Action Laval is a political party active at the municipal level in Québec in the City of Laval. The party was founded by the former provincial deputy for LaFontaine, Jean-Claude Gobé in April 2013, in regard of the municipal elections of November 3, 2013, in the province of Quebec. Two city councilors were elected, placing the party second in the ballot and became the official opposition.

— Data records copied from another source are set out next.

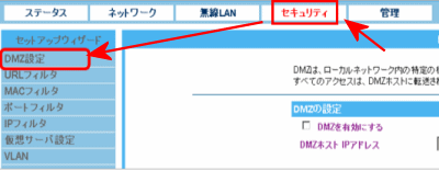 設定画面が表示されたら、セキュリティからDMZメニューをクリックして設定画面を切り替えて下さい。
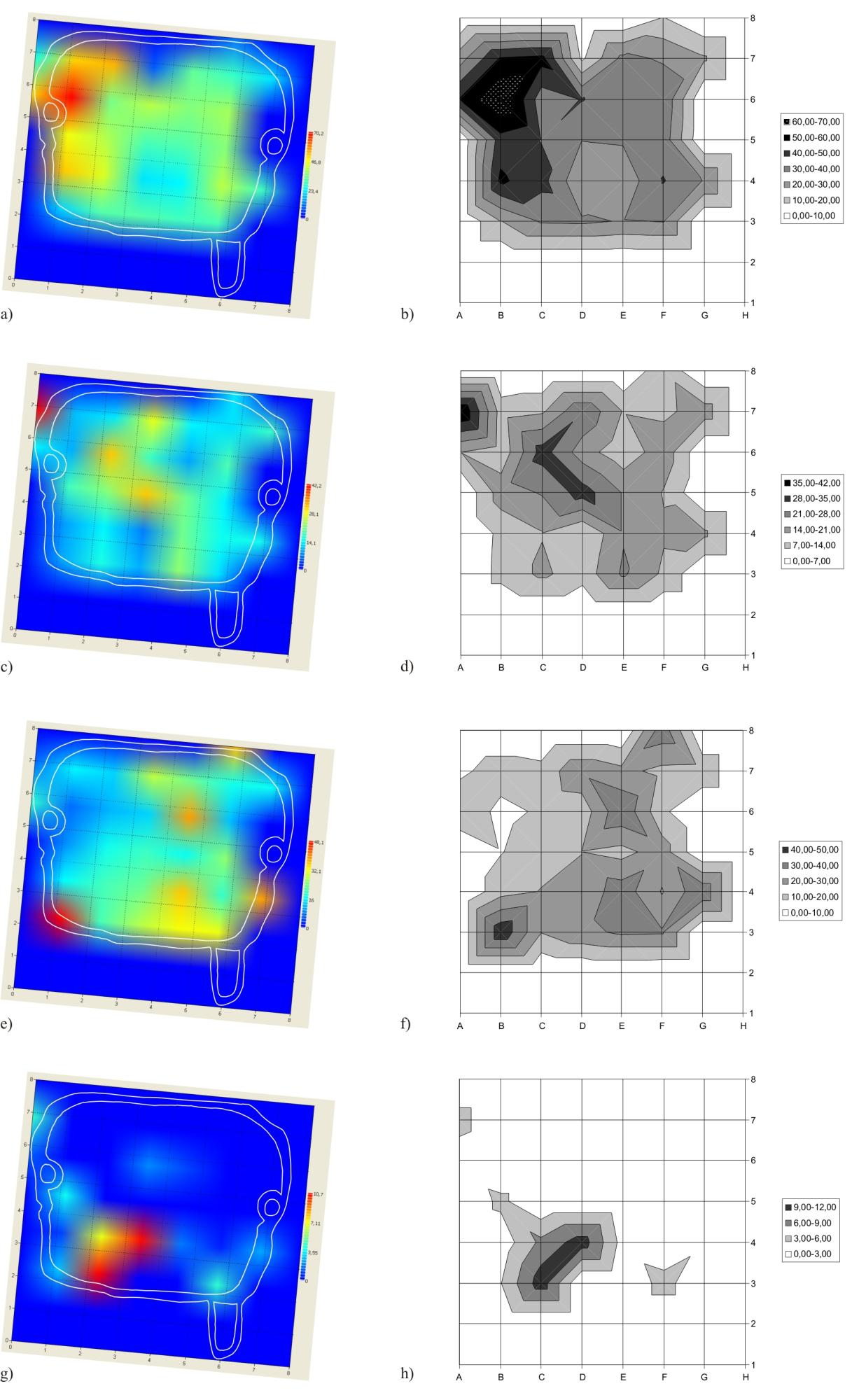2. kép: A vizsgált épület alaprajza (a), illetve az alaprajzra vetített (b) CaCO3% eloszlástérképe, (c) Arany-féle kötöttségi érték eloszlástérképe, (d) TOC% eloszlástérképe, illetve Ptotal eloszlástérképe. Az itt bemutatott talajtani paraméterek eloszlástérképei közül az ún. szerves szén (TOC%), illetve összes foszfortartalom (Ptotal) az, amelyek direkt módon jelölik a magasabb szervesanyag tartalmú belső térrészleteket (két legfelső hőtérkép). Ezekről jól leolvasható, hogy az épület belsejében az élettevékenységek elsődlegesen az épület középső részére koncentrálódtak (kiemelkedő piros szigetek).
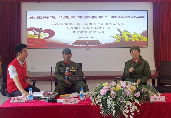 ——南區(qū)街道黨史教育百姓宣講暨“紅色印記”南區(qū)黨群故事分享活動到馬嶺小學發(fā)布時間:2021-04-07 12:59 信息來源:本網(wǎng)站 瀏覽次數(shù):0
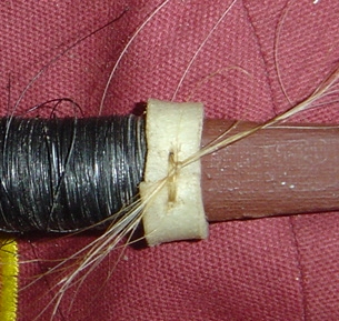 nasser Rohhautstreifen am Ende der Pferdehaarwicklung, mit Kuhhaaren befestigt
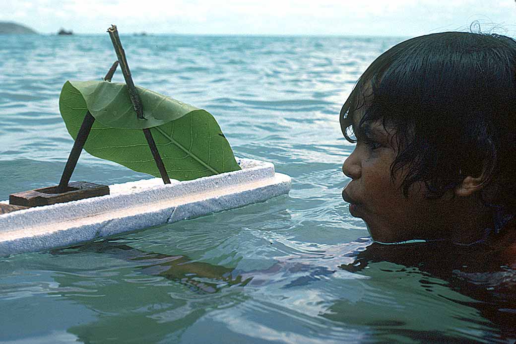 A boy from the Torres Strait playing with his improvised sailing boat off the beach on Thursday Island.

Since December 2019, Action Laval has four city councilors : Aglaia Revelakis (Chomedey), Paolo Galati (Saint-Vincent-de-Paul), David De Cotis (Saint-Bruno) and Isabella Tassoni (Laval-des-Rapides).

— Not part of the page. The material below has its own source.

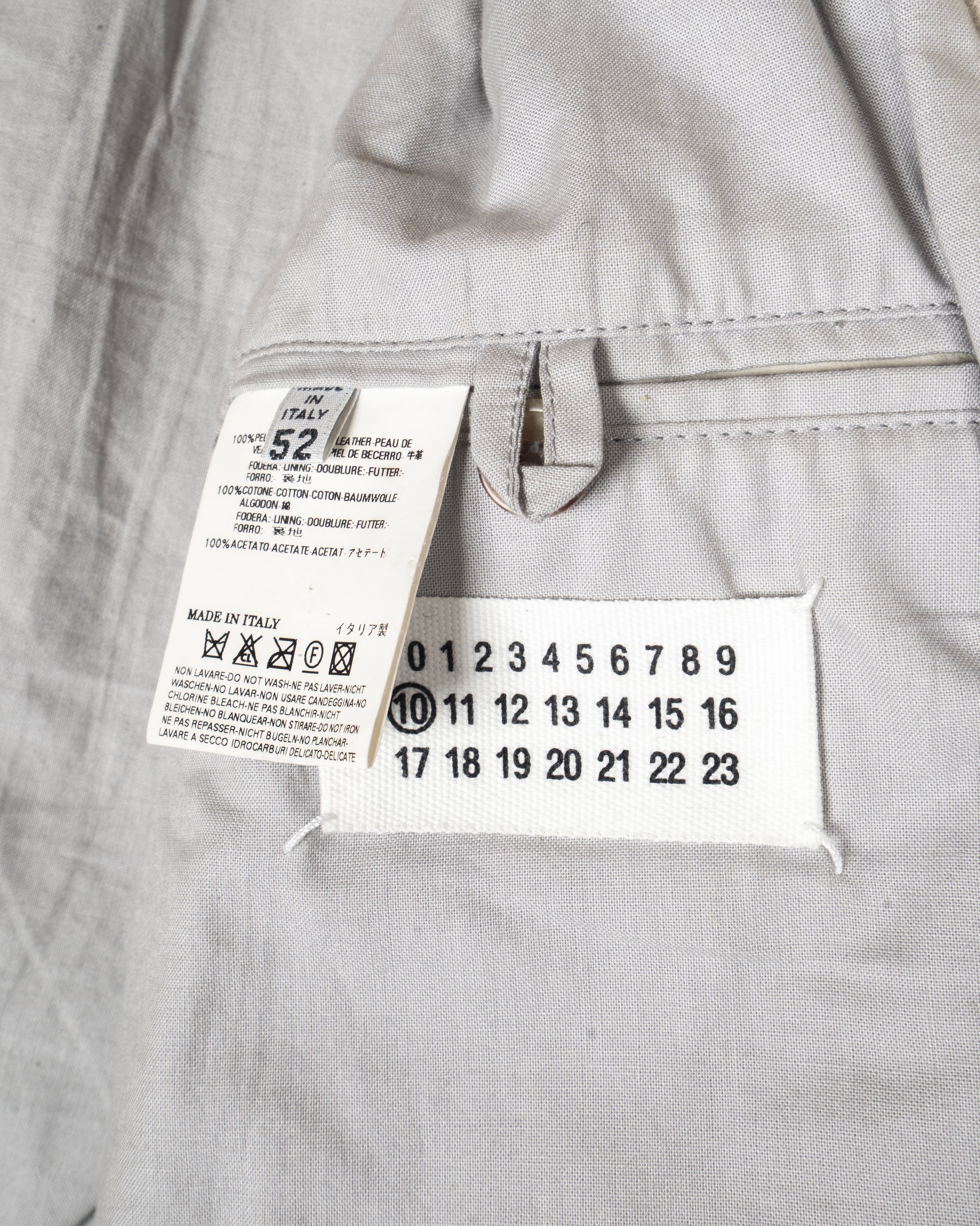 Label size 52. Classic Margiela Line 10 proportions with slightly dropped shoulders and a relaxed, boxy body while maintaining a sharp front structure.
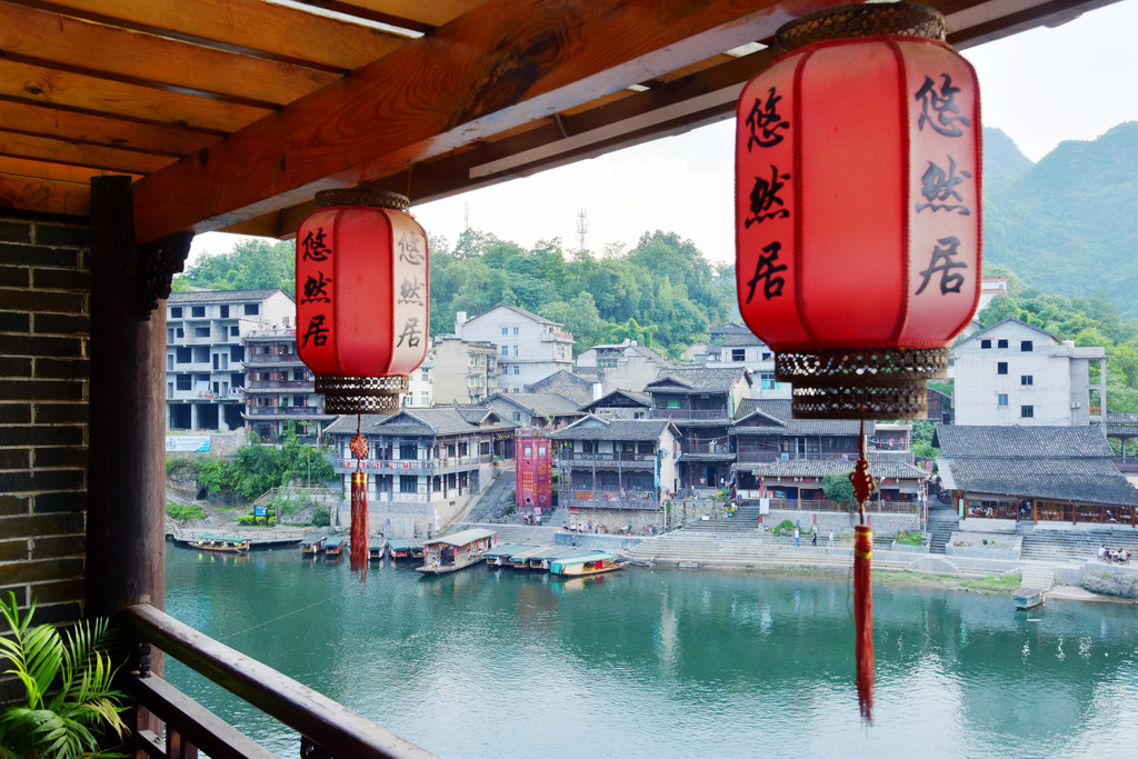 入住的客栈在河边,取名悠然居,听着舒服,与我来边城的心境相合。老板不是本地人,来自京城。割舍首都之繁华而隐于湘西一隅,中间不知有何故事。套房卧室很别致,家具皆含古风,仿古大床中央放着一本似乎翻旧了的《边城》,封面上还斜放着一枝小花。老板用了心思。相比之下,另一间房的布置完全没有章法。一张麻将桌孤立中间,靠墙一排椅子随意摆放,一种杂物间的感觉立刻就冲淡了原本精致的氛围。一间套房,两个世界,老板有点虎头蛇尾。

On June 30, 2021, Action Laval announced its new leader, Sophie Trottier, who was the party's candidate for mayor in Laval.

== Creation ==
Action Laval was founded in April 2013 by Jean-Claude Gobé, an ex-member in the Quebec National Assembly for the provincial electoral district of LaFontaine from 1985 until 2003.

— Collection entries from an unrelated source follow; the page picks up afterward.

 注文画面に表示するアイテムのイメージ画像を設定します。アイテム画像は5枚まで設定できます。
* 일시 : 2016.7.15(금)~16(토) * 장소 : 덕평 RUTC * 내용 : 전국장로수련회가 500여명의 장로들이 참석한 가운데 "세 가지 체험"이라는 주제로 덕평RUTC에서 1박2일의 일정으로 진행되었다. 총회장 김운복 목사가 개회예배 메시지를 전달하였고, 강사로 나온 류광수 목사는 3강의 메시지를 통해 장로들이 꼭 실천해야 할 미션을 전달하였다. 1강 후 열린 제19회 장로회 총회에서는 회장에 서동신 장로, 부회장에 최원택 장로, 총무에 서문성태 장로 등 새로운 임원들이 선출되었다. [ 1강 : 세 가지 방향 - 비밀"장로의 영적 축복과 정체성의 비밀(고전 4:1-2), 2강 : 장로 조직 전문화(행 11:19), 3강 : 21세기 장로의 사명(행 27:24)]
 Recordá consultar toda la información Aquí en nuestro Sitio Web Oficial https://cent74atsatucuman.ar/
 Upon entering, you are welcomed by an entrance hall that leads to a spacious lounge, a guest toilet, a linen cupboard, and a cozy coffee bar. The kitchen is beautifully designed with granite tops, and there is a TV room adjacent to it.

At the November 2013 municipal elections, the party finished second with 24.3% of expressed ballots, establishing the party for good. Two candidates won their respective district, Paolo Galati in St-Vincent-de-Paul and Aglaia Revelakis in Chomedey. Action Laval formed the official opposition.

== Political Values ==

Gobé's party electoral campaign was focus on local services. Action Laval wanted to improve local services for the population, such as adding bike paths, sidewalks, etc. Commercial streets were proposed to be revitalized according to party's leader. The party made a point in listening to the people and defend their interests. The leader committed to improving the public transport system to better adapt it to the needs of users. Laval police services were proposed to be improved by Jean-Claude Gobé, by increasing its financial and human resources so that Laval residents have access to quality police services.

== Action Laval's Team ==

As soon as November 2020 the party announced some of its candidates for the election of November 2021. Christian Le Bouc in the district of Laval-les-Îles, the party's president, Archie T. Cifelli, in the district of Val-des-Arbres, the former spokesperson of Laval School board parents' committee, Marc-Patrick Roy in Orée-des-Bois, and Louise Labrie in Sainte-Rose will try to get elected. Originally elected in November 2013, city councillors Aglaïa Revelakis, David De Cotis, and Paolo Galati will look to be re-elected for a third term at the November 7, 2021 municipal elections. Isabella Tassoni will try to get her second term.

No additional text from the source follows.